Pro mailing list: on Common Lisp and parallel GC

I recently enjoyed this discussion on the pro mailing list. It started with a call of recommendations on music software, and the discussion evolved in discussing parallel garbage collection. By the way, can you site an implementation that has parallel GC?

Pascal Costanza:

«When moving our elPrep software away from Common Lisp, we evaluated C++, Go and Java as potential candidates, and Go turned out to provide the best balance between performance and memory use. We are still using Common Lisp for prototyping, and then translate to Go. These two languages are actually much more similar than it appears at first. […]»

«This was primarily for the lack of good parallel, concurrent garbage collectors in Common Lisp implementations. The CL version of elPrep was actually still a tad faster than any of the C++, Go, or Java versions, but we had to work hard to avoid long GC pauses. elPrep allocates a lot of memory, and the pause time hurts a lot. We solved this by, basically, disabling the garbage collector, and reusing memory manually as much as possible, which turned the program into almost a manually memory-managed affair.»

«Manual memory management became a huge burden because we wanted to add more and more components to the software, and then it becomes almost impossible to predict object lifetimes.»

«We evaluated Go and Java for their concurrent, parallel GCs, and C++ for its reference counting. Interestingly, reference counting is often described as more efficient than GC, but in our case that’s not true: Because there is a huge object graph at some stage that needs to be deallocated, reference counting incurs more or less the same pause that a non-concurrent GC does. That’s why we don’t expect Rust to fare better here either.»

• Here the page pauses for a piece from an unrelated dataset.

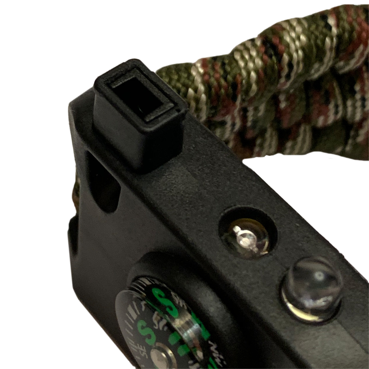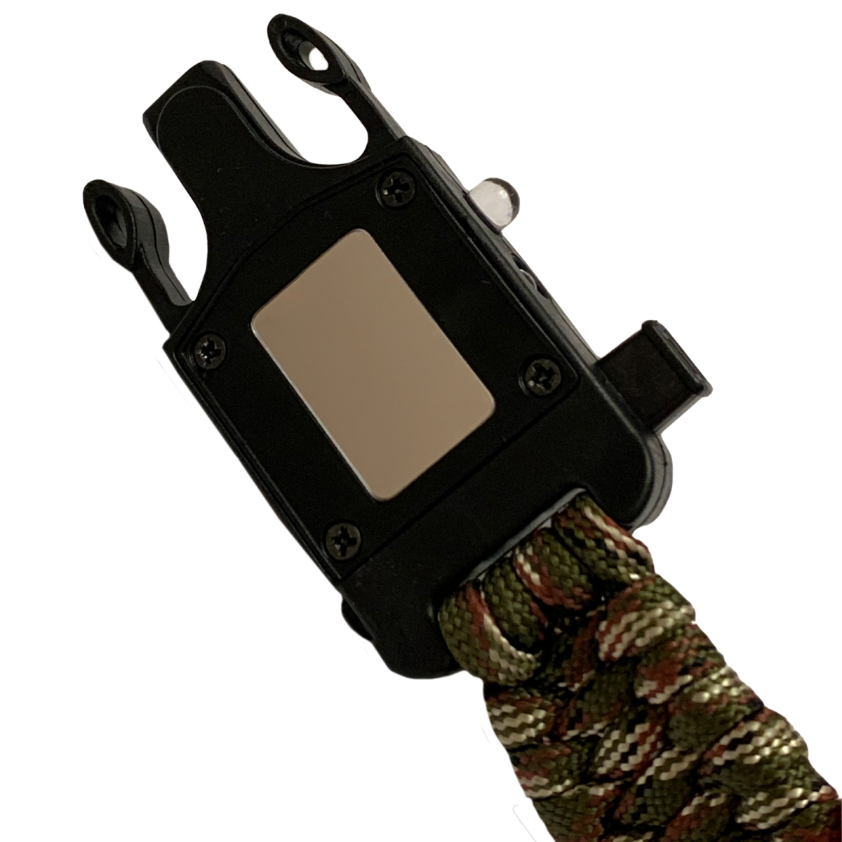 На передней части функциональной панели имеется компас, который всегда поможет определить стороны света для ориентирования на местности. На боковой части браслета имеется свисток, который поможет обратить внимание на себя, подозвать собаку на охоте или спугнуть дикого зверя.

«Again, we’re still prototyping in Common Lisp, which is a huge win, because this makes us much more productive.»

«In my opinion, prototyping in Common Lisp, and then translating to a different programming language for creating the final product, is a perfectly valid professional use of Common Lisp. It’s useful to know which programming languages may be good targets for such an approach. This is, of course, not ideal, because this can easily be misunderstood as a statement that Common Lisp is not fit for purpose. However, I don’t see it that way, and you cannot control people’s perceptions. In our particular case, our manager is on board with this approach, and this allows us to pay for regular licenses for LispWorks. The approach works really well for us.»

Didier Verna:

«I’d be curious to know if there are particularities in CL itself that make this difficult, or if it’s simply because there’s no manpower to improve the GCs we have currently.»

Stelian Ionescu:

«It’s strictly a lack of manpower. Most CL implementations have GCs that were state-of-the-art 25 years ago: they’re either mark-and-sweep or copying & generational, and have to perform all collection while application threads are paused (i.e. stop-the-world), hence the collection pauses that are proportional to the heap size.»

«The newer GCs of Go and the JVM (ZGC and Shenandoah) are not generational and employ techniques such as pointer coloring and store/load barriers by instrumenting all object read/write operations instead of using virtual memory protection (which tends to have a non-indifferent performance penalty), and because they rely heavily on atomic operations to maintain heap consistency the stop-the-world phase is much shorter and only required to update the internal GC metadata. The result is that instead of 99th percentile pauses of 10+ seconds that we see with QPX or other allocation-heavy applications, these newer GCs show 99th percentile pauses of < 10ms, and perhaps medians going from ~500ms to 2ms (YMMV).»

«Here’s a pretty good description of the difference between the two new JVM collectors and how they compare to the older ones: https://www.youtube.com/watch?v=WU_mqNBEacw.»

Martin Cracauer:

«No, it’s as possible as in other languages. Some people don’t want to pay the overall performance penalty for concurrent GC (as in total CPU time/energy spent for any given piece of work).»

«This particularly applies to applications that are query-based, and hence want to be as fast as possible in the non-GC part, and can GC between queries. ITA’s QPX is an example (although they do desire concurrent GC for better monitoring in the production environment).»

«Parallel GC is no problem and implemented.»

Pascal Costanza:

«Which CL implementations have a parallel GC?»

Jeff Caldwell:

«From Franz’s doc on Allegro CL: https://franz.com/support/documentation/10.0/doc/gc.htm#multi-threading-2»

Martin Cracauer:

«Clasp (via Boehm GC and MPS).»

«I thought SBCL was there, but I just checked, not yet. I think Google is pushing for a parallel GC instead, because of response times to their production monitoring.»

«Another untapped source of performance is userfaultfd(2) in the Linux kernel. It allows those GCs that implement a write barrier using page protections SIGSEGV to use the faster userfaultfd interface instead (as opposed to those using a bitmap). This won’t help concurrent GC, but parallel GC would benefit even more than single-thread GC because it uses faster system calls. Proof of concept is here: https://www.cons.org/cracauer/cracauer-userfaultfd.html»

and:

Don’t the latest incarnations of ECL use the Bohem GC?

Daniel Kochmański:

«They do, we plan to resurrect the homegrown gc as an alternative though.»